--- RECORDS TO PROCESS ---
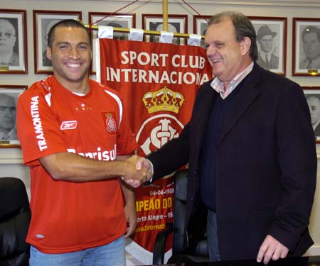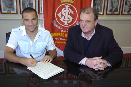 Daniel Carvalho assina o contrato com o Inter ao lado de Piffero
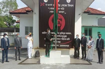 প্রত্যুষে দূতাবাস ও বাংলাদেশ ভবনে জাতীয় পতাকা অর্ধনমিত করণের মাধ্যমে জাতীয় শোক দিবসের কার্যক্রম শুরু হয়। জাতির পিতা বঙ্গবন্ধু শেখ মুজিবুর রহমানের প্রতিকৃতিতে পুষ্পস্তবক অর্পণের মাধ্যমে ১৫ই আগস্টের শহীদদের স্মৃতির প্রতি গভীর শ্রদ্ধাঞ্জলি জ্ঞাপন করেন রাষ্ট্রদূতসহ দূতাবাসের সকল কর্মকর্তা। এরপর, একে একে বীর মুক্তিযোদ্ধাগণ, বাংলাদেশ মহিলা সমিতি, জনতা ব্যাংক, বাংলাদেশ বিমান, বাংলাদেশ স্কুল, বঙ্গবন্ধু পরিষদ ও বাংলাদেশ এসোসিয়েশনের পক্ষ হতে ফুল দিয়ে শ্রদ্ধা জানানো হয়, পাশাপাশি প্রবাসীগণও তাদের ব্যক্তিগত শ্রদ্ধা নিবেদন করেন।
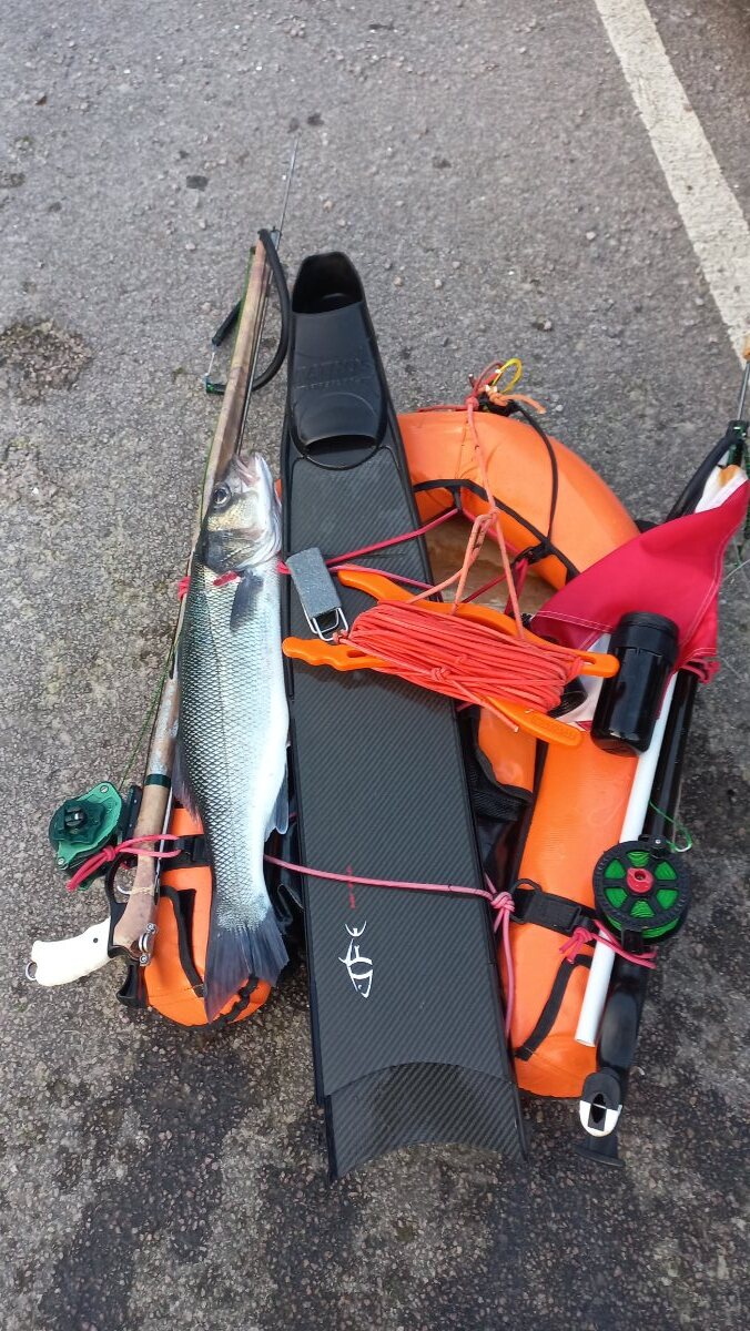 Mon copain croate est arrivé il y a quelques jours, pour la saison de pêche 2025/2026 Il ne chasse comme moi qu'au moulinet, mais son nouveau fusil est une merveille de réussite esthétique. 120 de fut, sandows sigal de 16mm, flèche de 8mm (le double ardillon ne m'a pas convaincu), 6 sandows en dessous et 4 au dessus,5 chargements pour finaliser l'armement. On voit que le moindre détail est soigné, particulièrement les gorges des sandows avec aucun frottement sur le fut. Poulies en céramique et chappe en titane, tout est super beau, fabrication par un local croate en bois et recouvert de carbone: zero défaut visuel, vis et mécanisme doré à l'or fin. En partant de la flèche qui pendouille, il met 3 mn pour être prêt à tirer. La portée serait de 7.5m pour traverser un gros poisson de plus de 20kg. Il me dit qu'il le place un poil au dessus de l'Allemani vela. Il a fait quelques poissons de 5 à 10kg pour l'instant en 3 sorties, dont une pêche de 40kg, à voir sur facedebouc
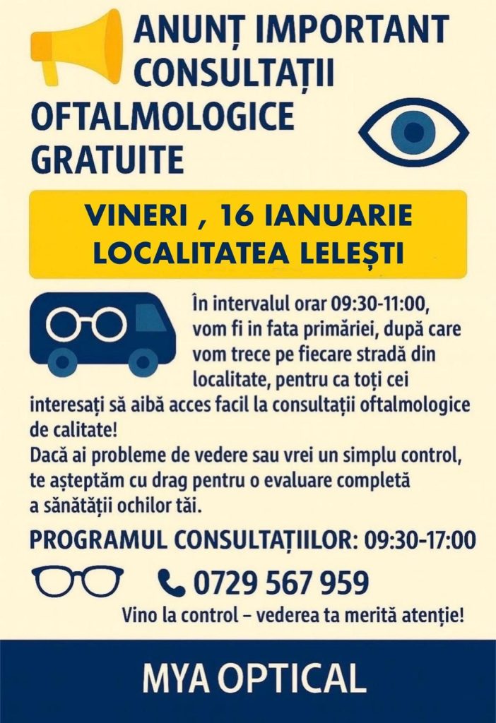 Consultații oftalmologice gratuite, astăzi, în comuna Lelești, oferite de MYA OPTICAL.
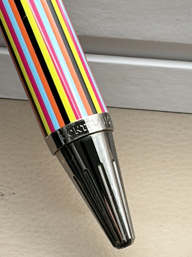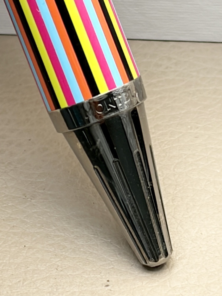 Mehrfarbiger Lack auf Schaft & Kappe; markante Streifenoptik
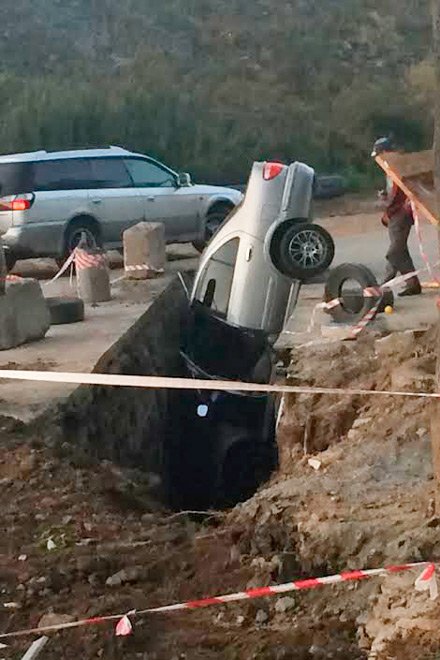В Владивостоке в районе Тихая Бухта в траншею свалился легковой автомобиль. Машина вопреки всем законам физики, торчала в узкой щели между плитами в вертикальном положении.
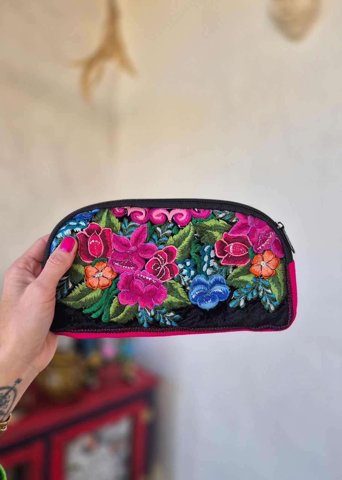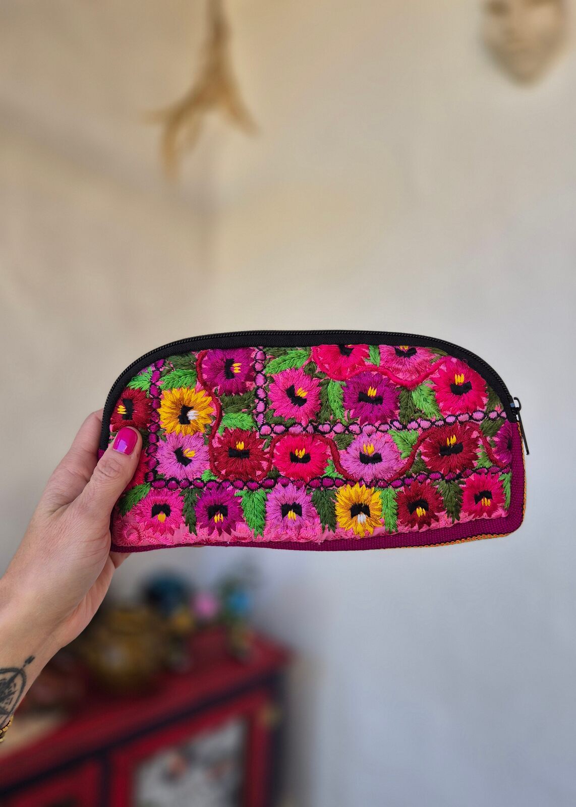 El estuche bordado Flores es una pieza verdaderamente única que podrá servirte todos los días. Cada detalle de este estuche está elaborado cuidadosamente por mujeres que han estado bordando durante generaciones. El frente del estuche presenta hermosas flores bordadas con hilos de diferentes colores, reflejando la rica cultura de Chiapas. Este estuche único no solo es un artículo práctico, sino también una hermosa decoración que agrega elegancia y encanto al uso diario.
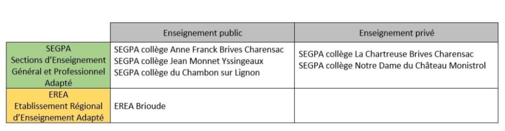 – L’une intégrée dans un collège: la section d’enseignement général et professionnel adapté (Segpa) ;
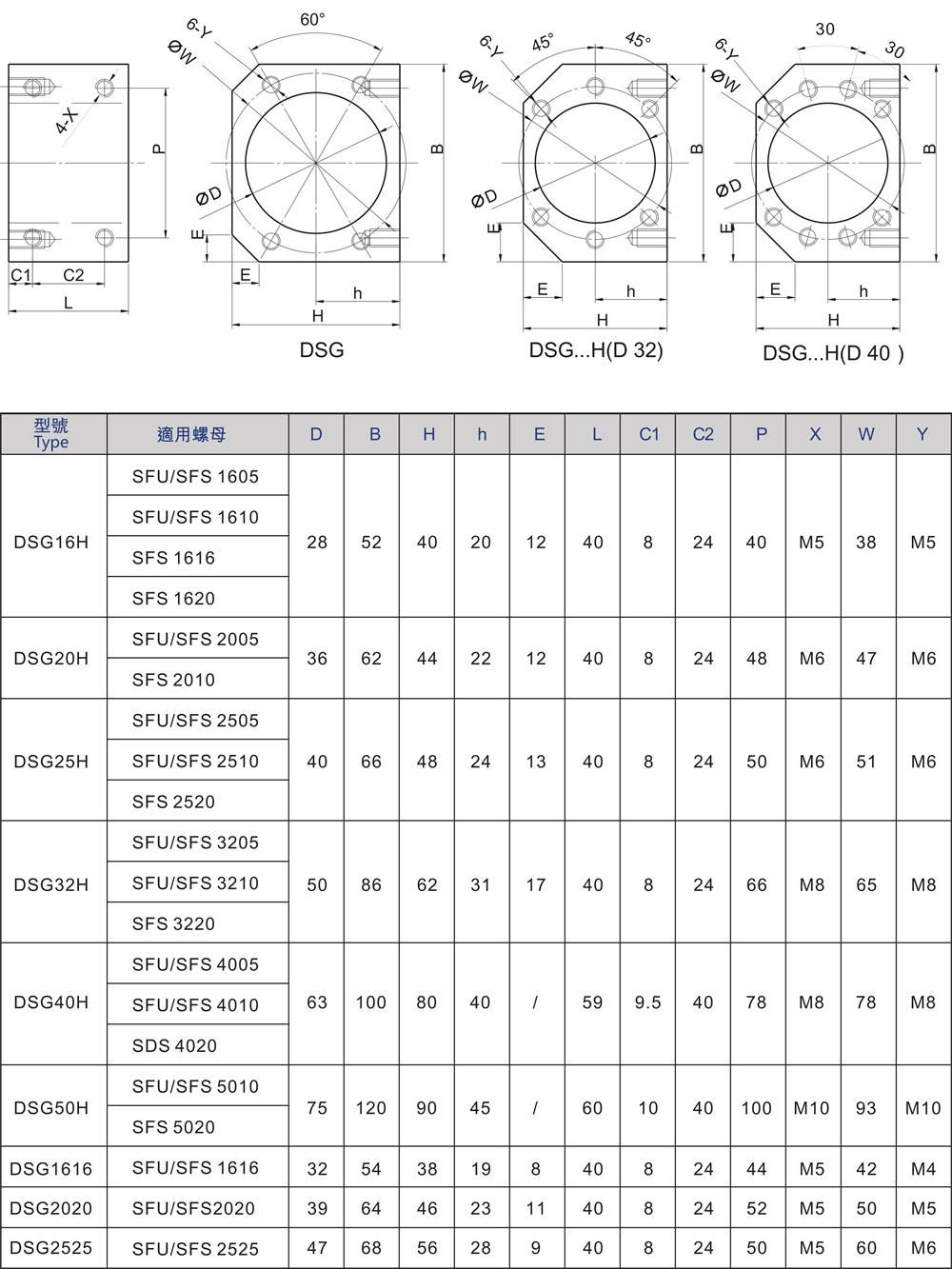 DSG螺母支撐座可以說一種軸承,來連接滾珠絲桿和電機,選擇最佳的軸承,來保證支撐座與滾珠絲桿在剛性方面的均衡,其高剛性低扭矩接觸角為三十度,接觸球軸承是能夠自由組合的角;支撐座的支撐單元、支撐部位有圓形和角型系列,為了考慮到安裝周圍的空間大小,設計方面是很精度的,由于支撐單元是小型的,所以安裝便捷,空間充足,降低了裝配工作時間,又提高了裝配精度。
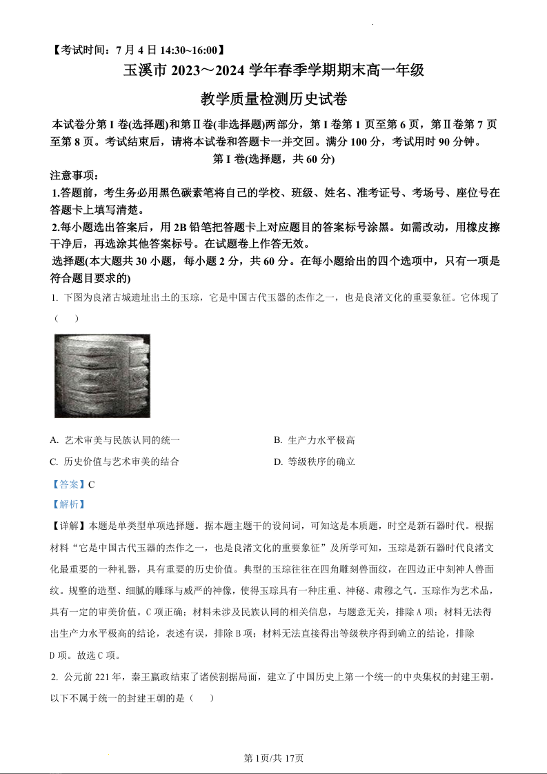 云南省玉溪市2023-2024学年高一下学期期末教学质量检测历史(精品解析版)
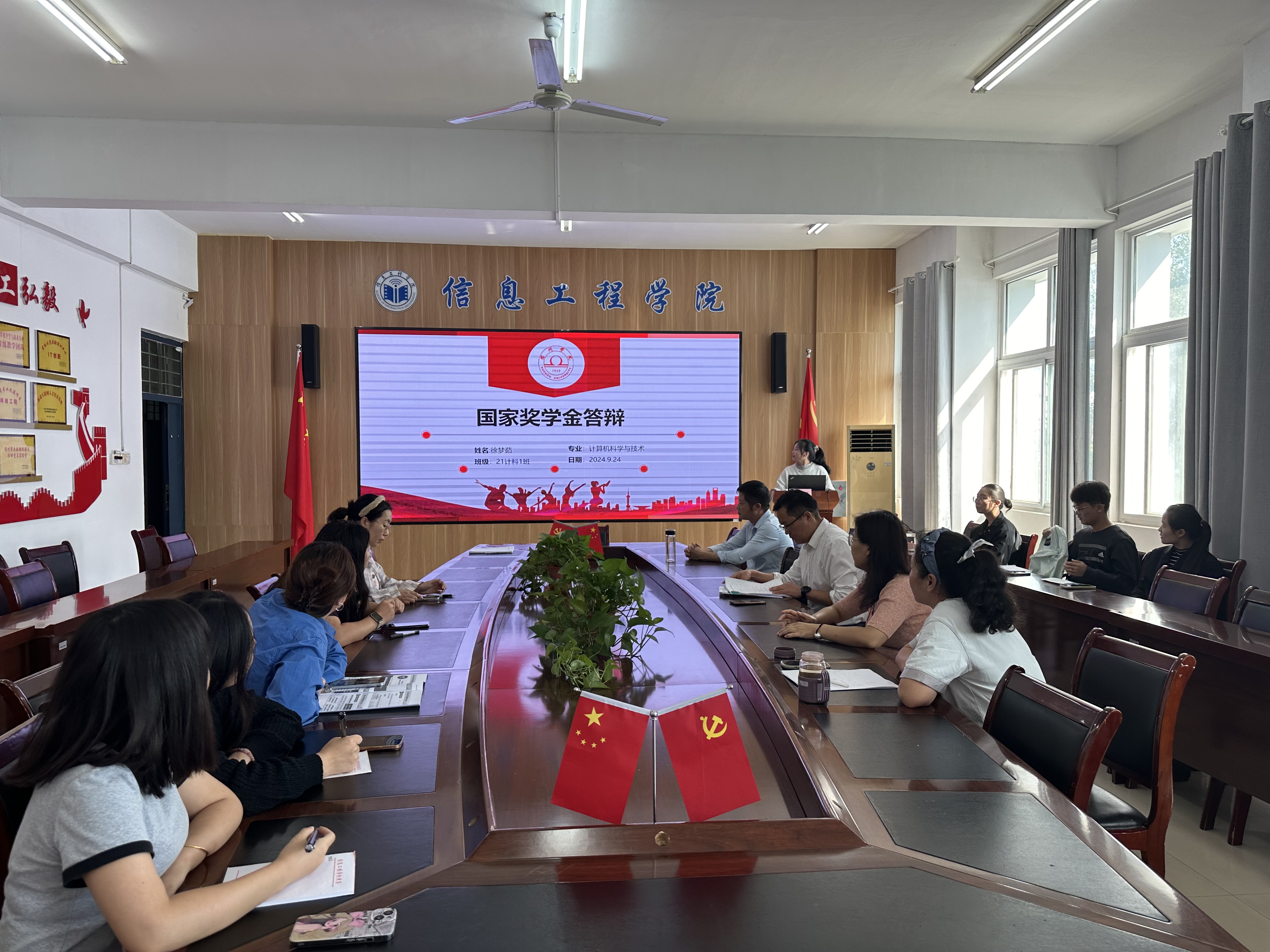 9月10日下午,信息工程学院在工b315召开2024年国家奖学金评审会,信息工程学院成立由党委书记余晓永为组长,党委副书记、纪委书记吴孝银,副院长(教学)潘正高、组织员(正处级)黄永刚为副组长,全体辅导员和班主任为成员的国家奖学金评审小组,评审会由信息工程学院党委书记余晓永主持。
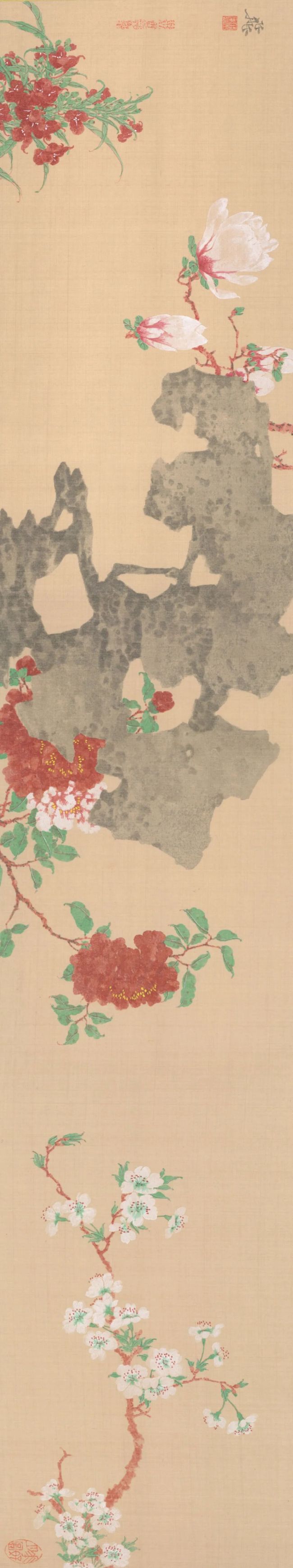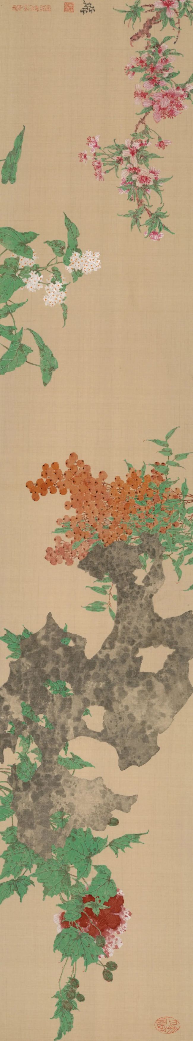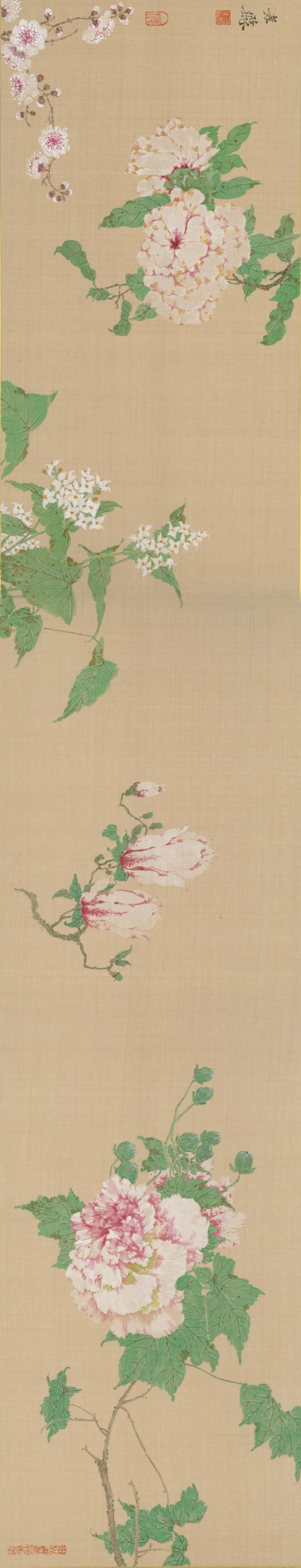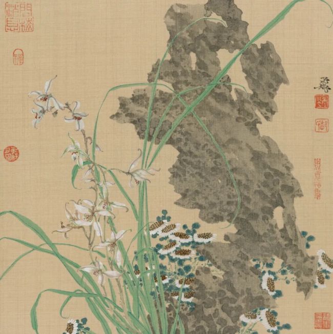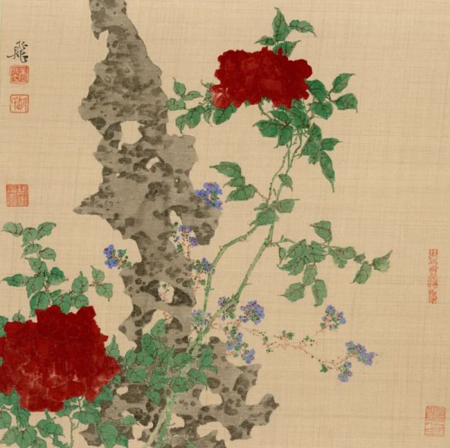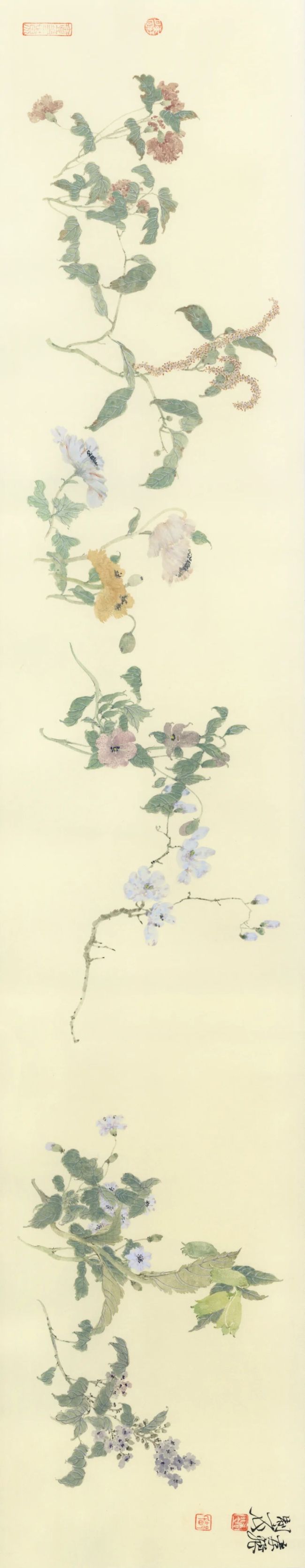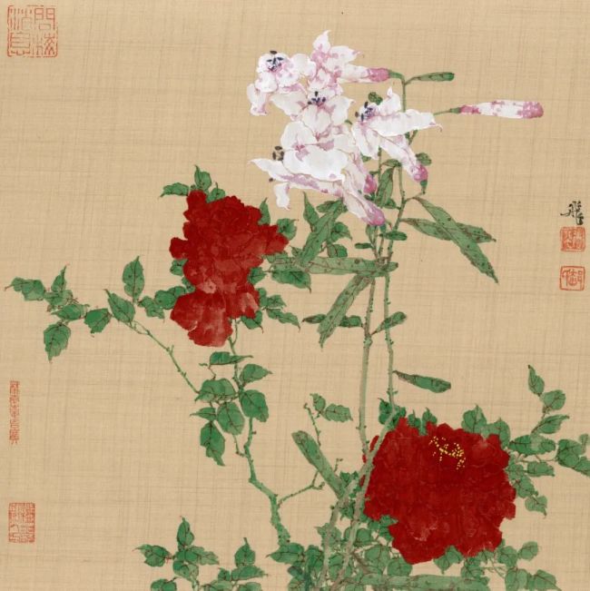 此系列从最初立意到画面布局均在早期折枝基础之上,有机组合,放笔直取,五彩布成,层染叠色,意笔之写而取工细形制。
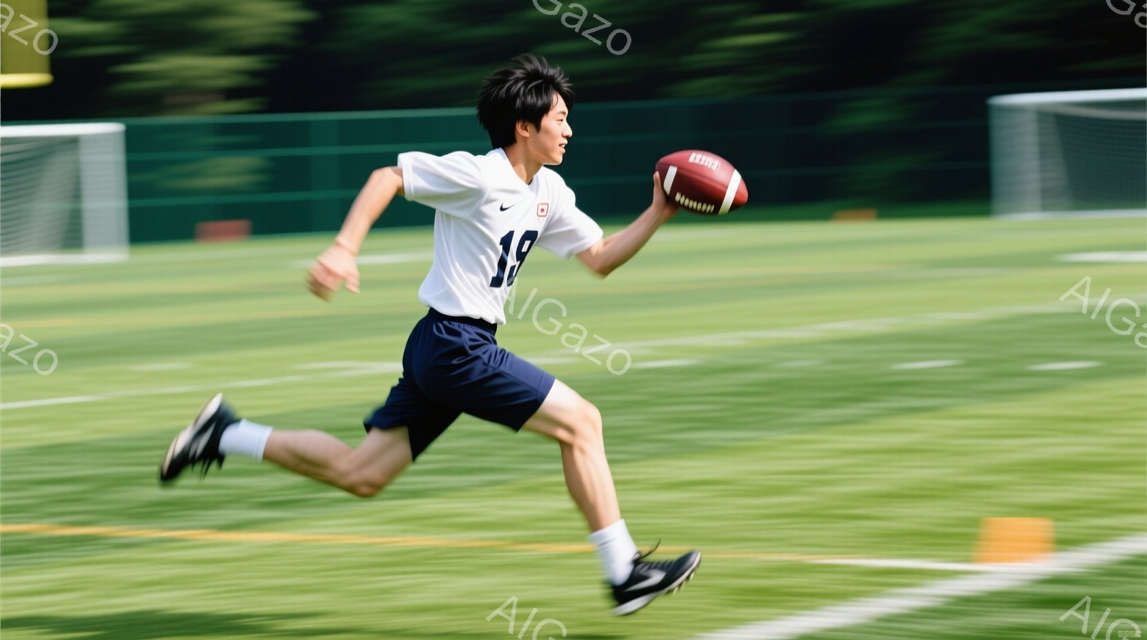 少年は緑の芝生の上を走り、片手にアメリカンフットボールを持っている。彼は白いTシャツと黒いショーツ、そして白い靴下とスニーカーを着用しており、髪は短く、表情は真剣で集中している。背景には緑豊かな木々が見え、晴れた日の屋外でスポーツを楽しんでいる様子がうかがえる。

--- TRY IT ---
Above are some records. Reproduce the lines from the one with "adapté (Segpa) ;" down to the one with "云南省玉溪市2023-2024学年高一下学期期末教学质量检测历史(精品解析版)", keeping both, and leave every picture out.

--- ANSWER SPACE ---
 – L’une intégrée dans un collège: la section d’enseignement général et professionnel adapté (Segpa) ;
 DSG螺母支撐座可以說一種軸承,來連接滾珠絲桿和電機,選擇最佳的軸承,來保證支撐座與滾珠絲桿在剛性方面的均衡,其高剛性低扭矩接觸角為三十度,接觸球軸承是能夠自由組合的角;支撐座的支撐單元、支撐部位有圓形和角型系列,為了考慮到安裝周圍的空間大小,設計方面是很精度的,由于支撐單元是小型的,所以安裝便捷,空間充足,降低了裝配工作時間,又提高了裝配精度。
 云南省玉溪市2023-2024学年高一下学期期末教学质量检测历史(精品解析版)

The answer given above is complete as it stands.